One way to estimate the next value of a time series \(x_t\) is \[\hat{x} = \lambda_1 x_{t-1} + \lambda_2 x_{t-2} + \ldots\]
It seems reasonable to weight recent observations more than observations less recent. One possibility is to use geometric weights: \[\lambda_i = \alpha(1-\alpha)^i;~~ 0 \lt \alpha \lt 1\]
This is called exponential smoothing and, in its basic form, should be used with time series with no trend or seasonal components. This method, however, has been extended to the Holt-Winters smoothing that accepts time series with those components.
This method has three parameters, \(\alpha, \beta, \gamma\). When \(\gamma=FALSE\) the function assumes no seasonal component.

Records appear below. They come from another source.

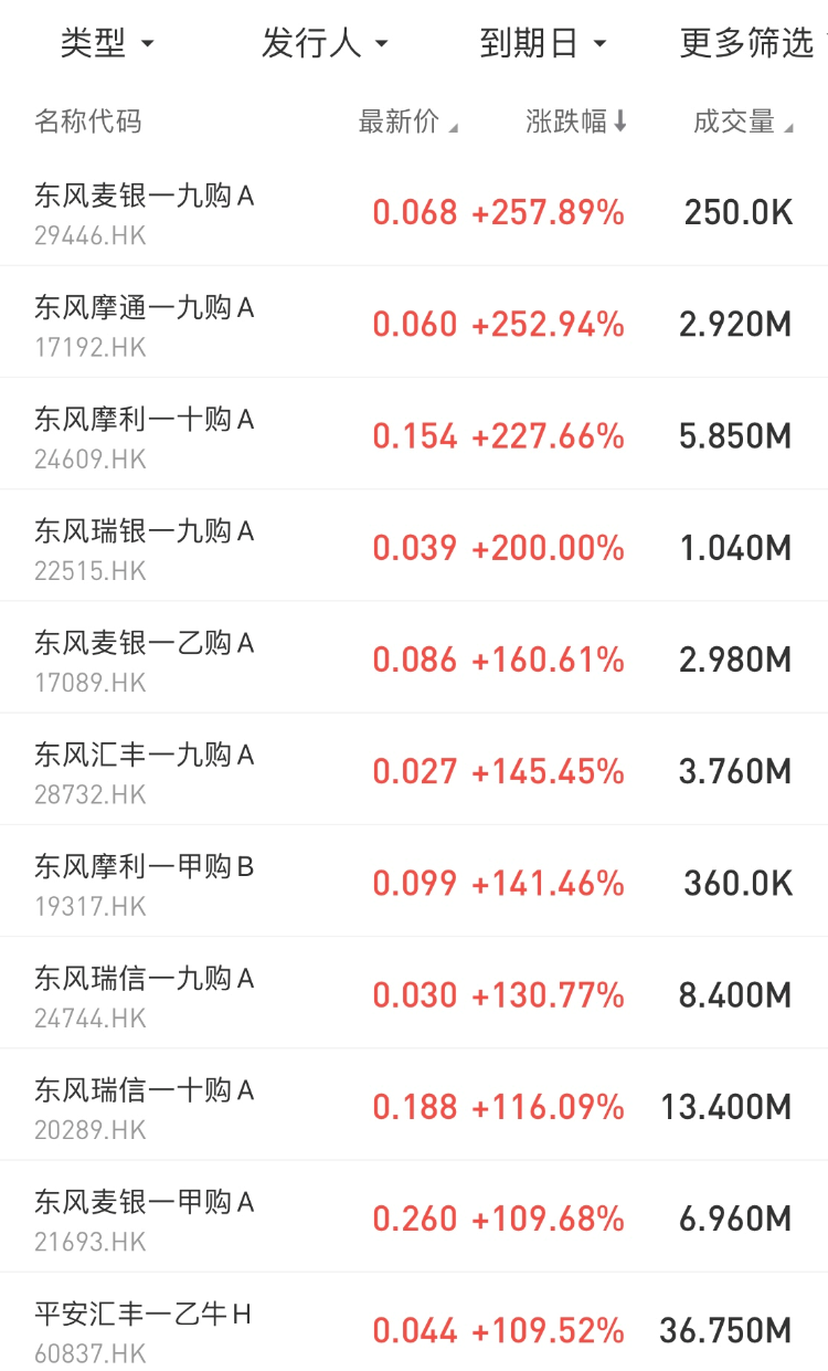 涨幅居前的包括: $29446.HK 东风麦银一九购A涨257.89%,占据排行榜第一; $17192.HK 东风摩通一九购A涨252.94%,东风集团共有13只购证涨超100%(包括100%)。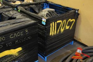 IBC CAGE CONTAINING QUANTITY OF VARIOUS SPARES INCLUDING: FUEL CANS, TOOL CASES, ETC, (504330)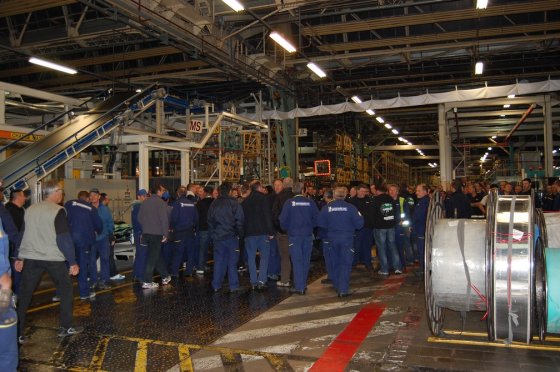 Tôt ce matin, AG dans les ateliers de l’usine.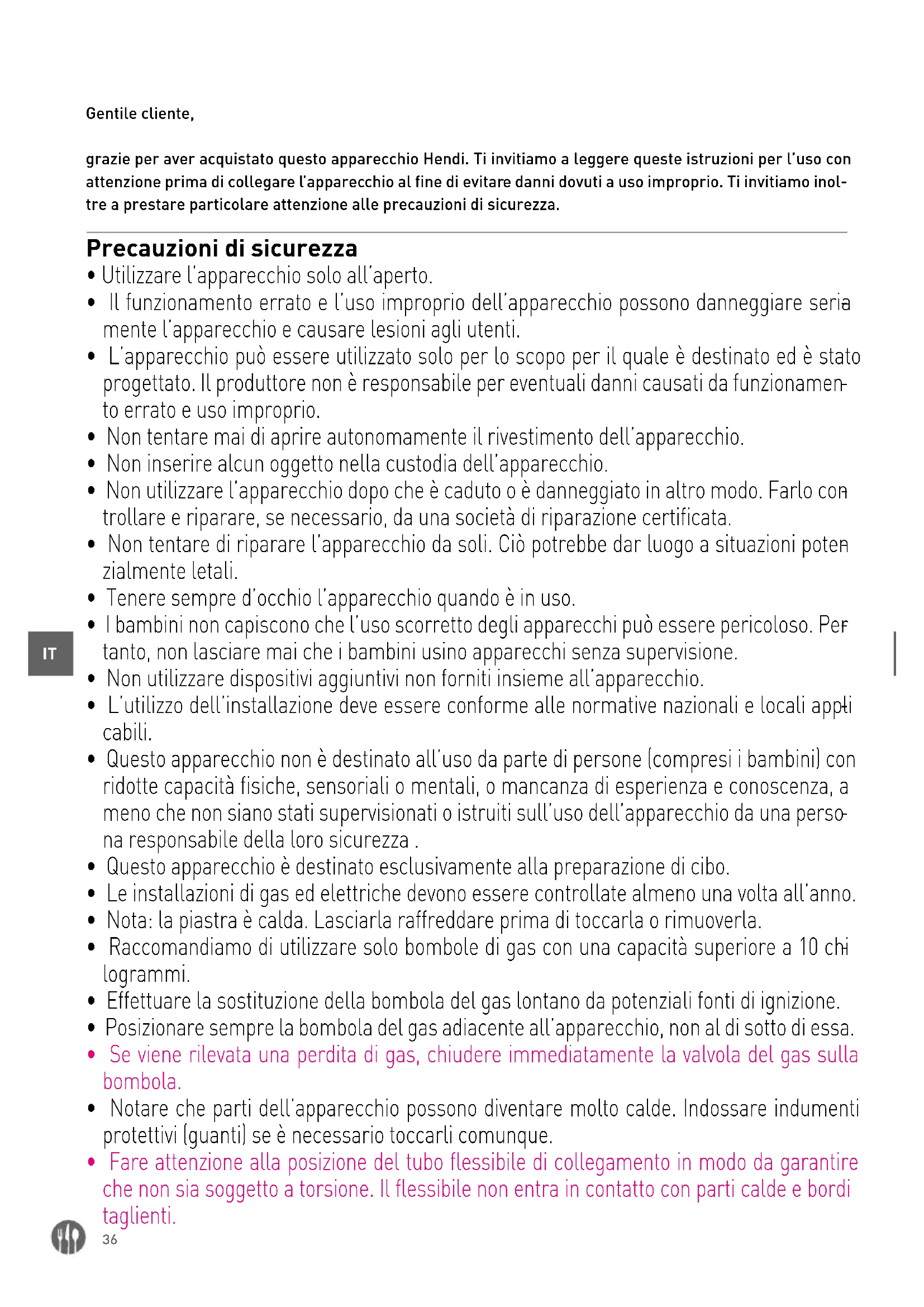 - Chiudere sempre la valvola del gas sulla bombola del gas se l’apparecchio non viene più utilizzato.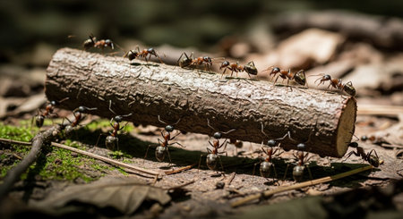 Ants on a log in the forest. Concept of teamwork.
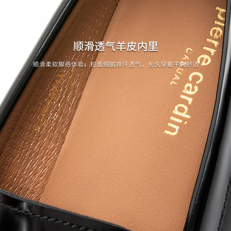 Pierre Cardin/皮尔卡丹25男鞋饰扣休闲乐福鞋轻底真皮皮鞋一脚蹬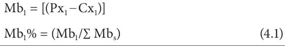 Como consecuencia, la fórmula integrada de la cadena para hallar el margen bruto promedio absoluto y porcentual de la cadena, Mb3 y Mb3%, se calcula desde la siguiente función lineal, la cual se debe dividir por el número de eslabones de la cadena de suministro (Ne); en el caso en el que se requiera hallar el margen bruto agregado, bastará con sumar los márgenes absolutos de los diferentes eslabones.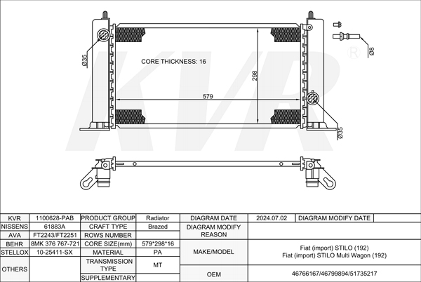 FIAT HATCHBACK,2001-10 192 B3.000 RADIATOR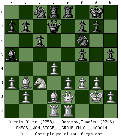 Last move : 0-1 2015 February 28 12:27:13 [Event "FICGS__CHESS__WCH_STAGE_1_GROUP_SM_01__000014"] [Site "FICGS"] [Date "2014.11.01"] [Round "1"] [White "Alcala,Alvin"] [Black "Denisov,Timofey"] [Result "0-1"] [WhiteElo "2253"] [BlackElo "2246"] 1.d4 d5 2.c4 c6 3.Nf3 Nf6 4.g3 Bf5 5.Nc3 e6 6.Nh4 dxc4 7.Nxf5 exf5 8.e3 Nbd7 9.Bxc4 Nb6 10.Bb3 Be7 11.O-O O-O 12.f3 Qd7 13.Qe2 Rfe8 14.Bd2 Rad8 15.Rad1 Bb4 16.Rfe1 h5 17.Kg2 Ba5 18.a3 Nc8 0-1 QGD Slav : 3.Nf3 Kingside Castling by player White (move 11) Kingside Castling by player Black (move 11) Player Black won this chess game. Follow this game move after move (download)When you play Bobby, it is not a question if you win or lose. It is a question if you survive. (Boris Spassky) Es gibt zwei Arten von Opfern: Korrekte und meine. (Mikhail Nekhemyevich Tal) El Ajedrez es parte de la cultura, y si una cultura esta en decadencia, entonces también el Ajedrez declinará. (Mikhail Botvinnik) Psychologiquement, tu dois avoir confiance en toi même, mais cette confiance doit être basée sur des faits. (Robert Fischer) Life doesn't imitate art, it imitates bad television. (Woody Allen)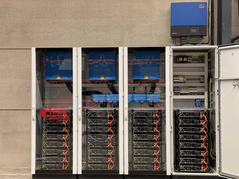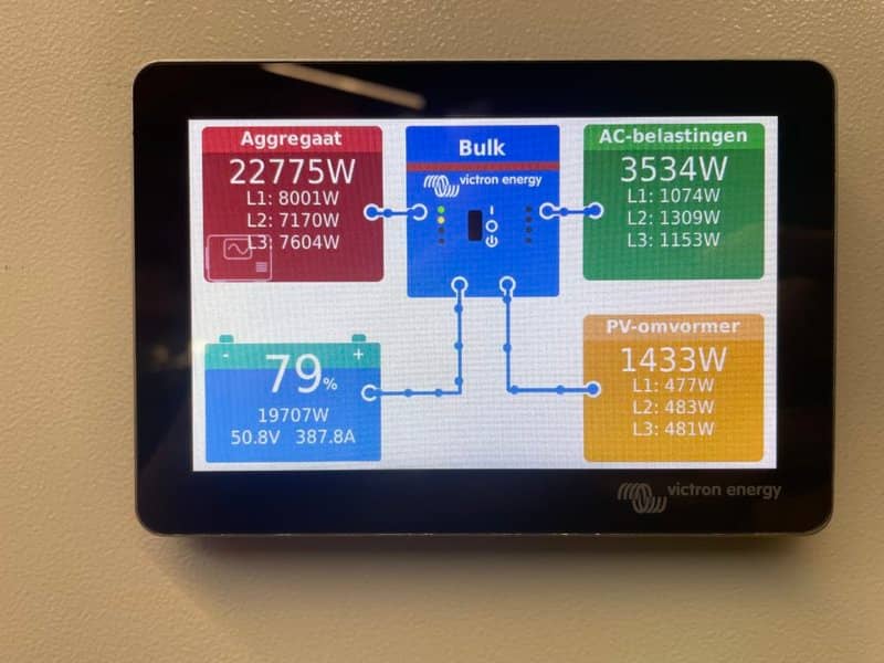 The three phase system employs 3 x Quattro 15kVA Inverter Chargers together with Pylontech storage and is controlled by a Cerbo GX. Also in the build: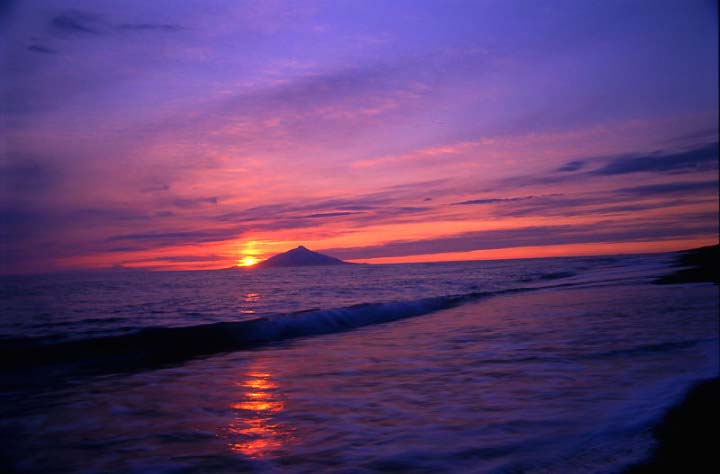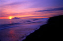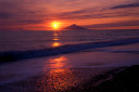 | 場所を浜里海岸に移しまして、利尻山を配し、波打ち際を撮影します。 | ||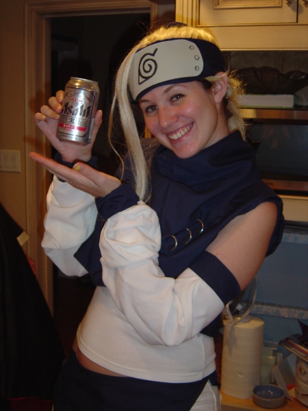 Marissa demonstrates Asahi beer. Asahi: Japanese for "Foster's".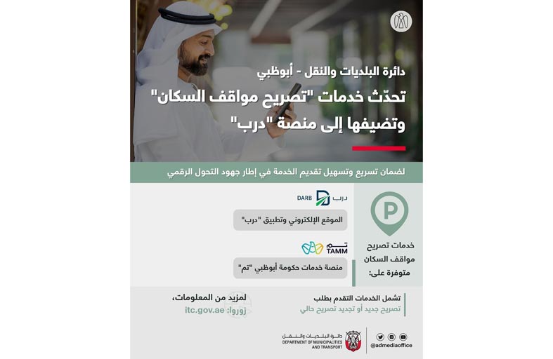 أعلنت دائرة البلديات والنقل متمثلة بمركز النقل المتكامل، عن تطوير خدمة طلب تصريح مواقف السكان في إمارة أبوظبي، بهدف توفير الوقت على المتعاملين، حيث سيتم توفير خدمة تصاريح مواقف السكان على الموقع الإلكتروني لمنصة درب https://darb.itc.gov.ae وتطبيق درب الذكي.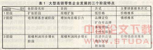 由于市场竞争激烈,零售商必须在留住老顾客的同时不断进行扩张,这就要求企业必须两条腿走路,一是通过不断降低产品成本和产品价格吸引更多的顾客,扩大市场规模,二是通过提高企业及品牌的心理、情感和文化附加值的方法,维系和稳定现有顾客,巩固已有的市场规模,即与顾客的两种维系协调平衡,同步发展,从而实现一种新的良性互动,即一方面以规模销售去获得供应商更低的价格,并通过扩大自有品牌进一步降低成本,实现更大的销售规模;另一方面以品牌和服务为中心,以文化为纽带,通过各种情感、心理的沟通与联系,去巩固和稳定原有市场和顾客,从而形成价格维系和情感维系同步,市场开发与巩固并举,形成一种较理想的发展局面。这三种发展阶段如表1所示。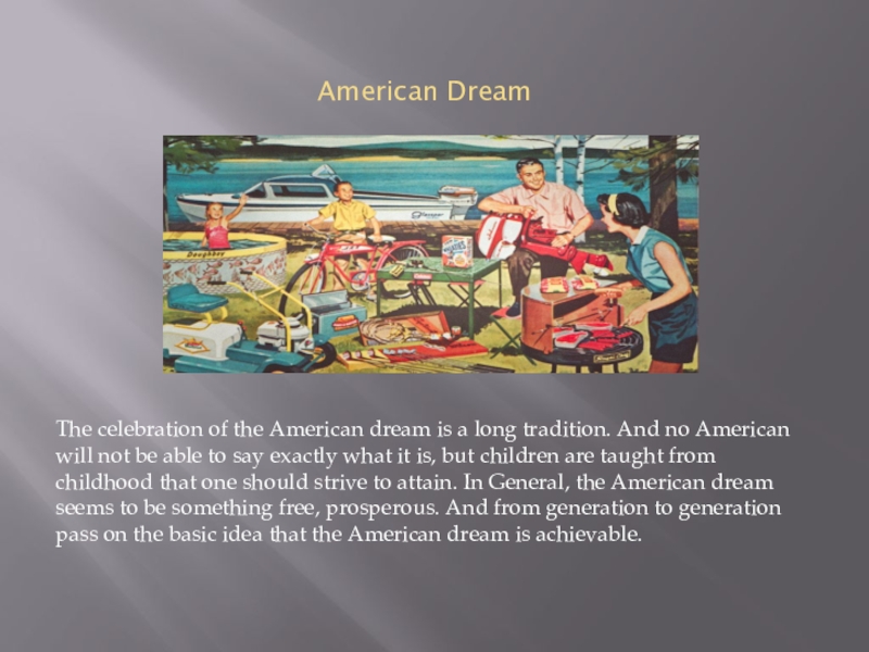 The celebration of the American dream is a long tradition. And no American will not be able to say exactly what it is, but children are taught from childhood that one should strive to attain. In General, the American dream seems to be something free, prosperous. And from generation to generation pass on the basic idea that the American dream is achievable.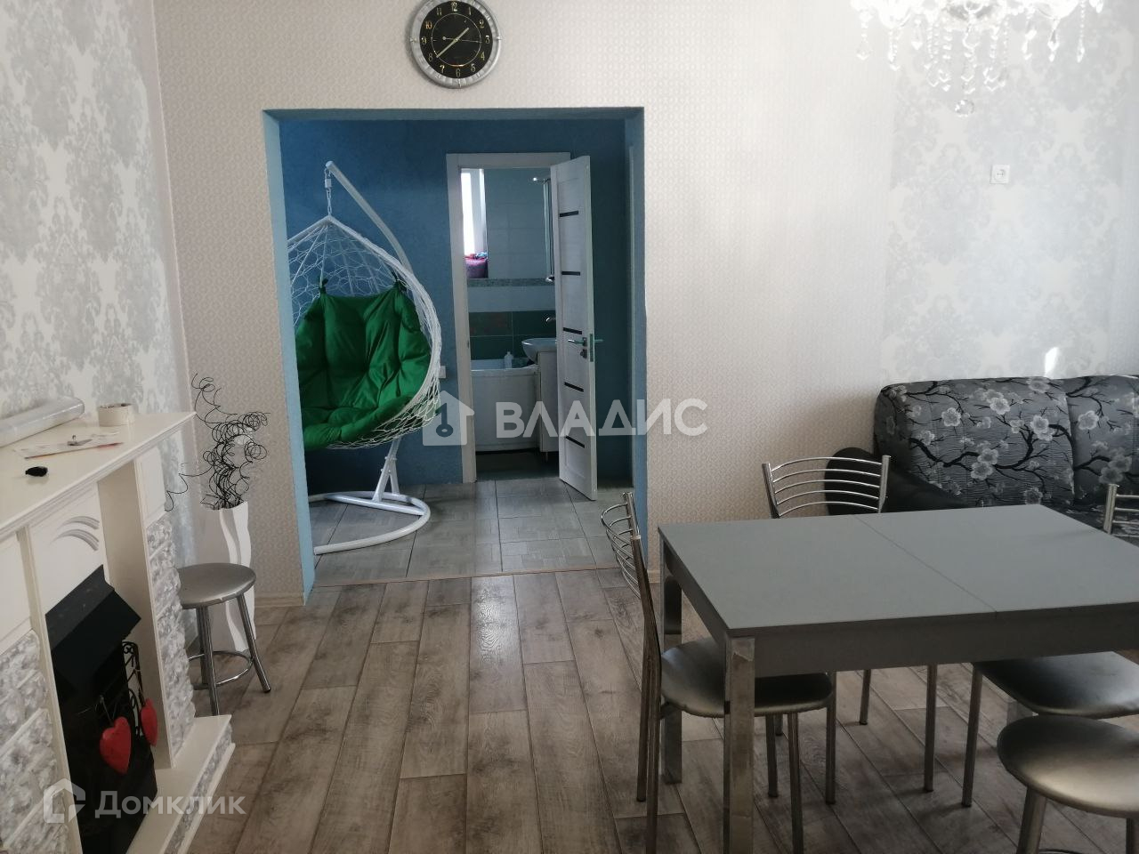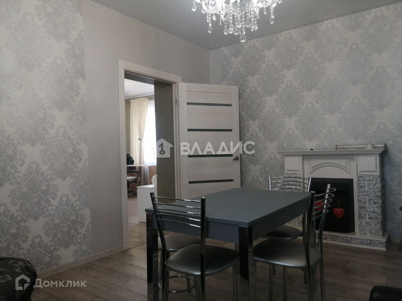 Зал: большой раскладной диван, обеденный стол, электрический камин.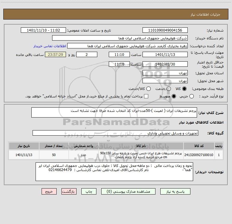 شرح کلی نیاز: پرچم تشریفات ایران ( لمینت )-50عدد-ایران کد انتخاب شده صرفا جهت تشابه است

model <- HoltWinters(beer)
plot(beer)
lines(model$fitted[,"xhat"], col="red")
To predict the next values in the time series:
pred <- predict(model, n.ahead=24) # values for the next 24 months
plot(beer, xlim=c(1956,1997))
lines(pred, col="red", lty=2)
An eg with the tui
time series which does not seem to have a seasonal component:
model <- HoltWinters(tui[,5], gamma=FALSE)
plot(tui[,5], type="l",xlim=c(0,length(tui[,5])+36))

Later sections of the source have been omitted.